PID USERNAME PRI NICE SIZE RES STATE C TIME WCPU COMMAND
11 root 155 ki31 0K 128K CPU7 7 31.8H 100.00% [idle{idle: cpu7}]
11 root 155 ki31 0K 128K CPU6 6 31.7H 100.00% [idle{idle: cpu6}]
11 root 155 ki31 0K 128K CPU5 5 31.6H 100.00% [idle{idle: cpu5}]
11 root 155 ki31 0K 128K RUN 4 31.6H 100.00% [idle{idle: cpu4}]
11 root 155 ki31 0K 128K CPU1 1 24.1H 71.29% [idle{idle: cpu1}]
11 root 155 ki31 0K 128K CPU0 0 23.8H 70.26% [idle{idle: cpu0}]
11 root 155 ki31 0K 128K CPU2 2 23.6H 70.07% [idle{idle: cpu2}]
11 root 155 ki31 0K 128K CPU3 3 23.1H 65.87% [idle{idle: cpu3}]
12 root -92 - 0K 608K WAIT 0 297:07 23.88% [intr{irq265: bxe0:fp0}]
12 root -92 - 0K 608K WAIT 3 361:53 20.65% [intr{irq268: bxe0:fp0}]
12 root -92 - 0K 608K WAIT 1 318:48 17.58% [intr{irq266: bxe0:fp0}]
12 root -92 - 0K 608K WAIT 2 334:15 16.36% [intr{irq267: bxe0:fp0}]
12 root -92 - 0K 608K WAIT 2 195:49 15.58% [intr{irq272: bxe1:fp0}]
12 root -92 - 0K 608K WAIT 3 197:09 15.09% [intr{irq273: bxe1:fp0}]
12 root -92 - 0K 608K WAIT 1 182:28 11.67% [intr{irq271: bxe1:fp0}]
12 root -92 - 0K 608K WAIT 0 197:09 7.86% [intr{irq270: bxe1:fp0}]
80217 root 52 0 276M 47392K piperd 5 0:01 3.66% php-fpm: pool nginx (php-fpm)
0 root -92 - 0K 368K - 0 42:01 0.00% [kernel{dummynet}]

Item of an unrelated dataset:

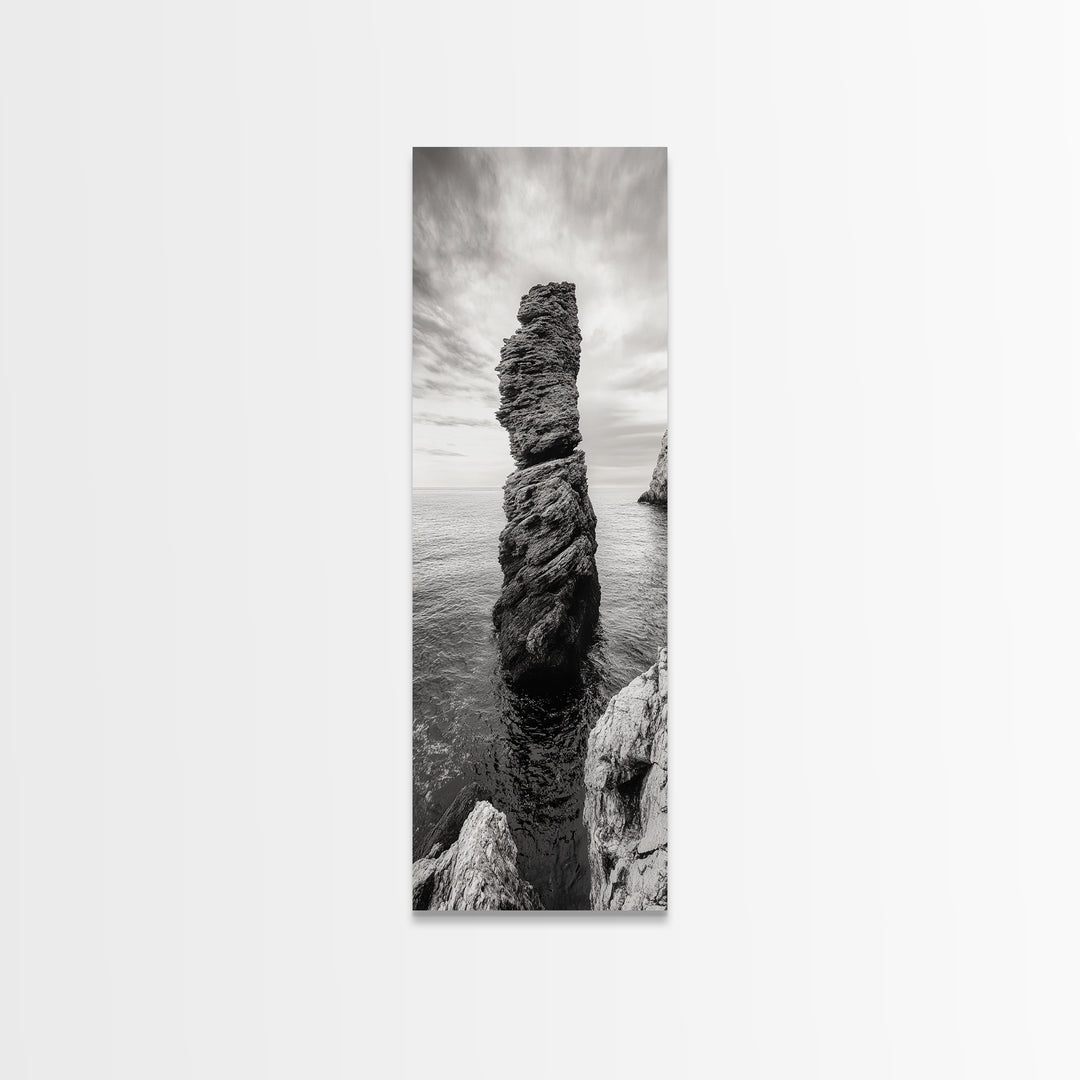 Coastal Rock, Ocean Tower, Nature Photography, Framed Canvas Print, Minimalist Wall Decor, Living Room Wall Art, Black and White Seascape

not sure what the two unbound are the bottom of the first results were.

so far pings times are way better so splitting the vlans up onto two servers helped for sure just curious as too why one is at 60c and the other is at 80c

also the server now at 60c was the original server that i posted about so thats the first set of results above.

Harvy66

"Unbound" is a play on "Bind", another DNS server.

I guess I'm with you wondering if something is hammering the server when the portal is enabled. Try a packet dump.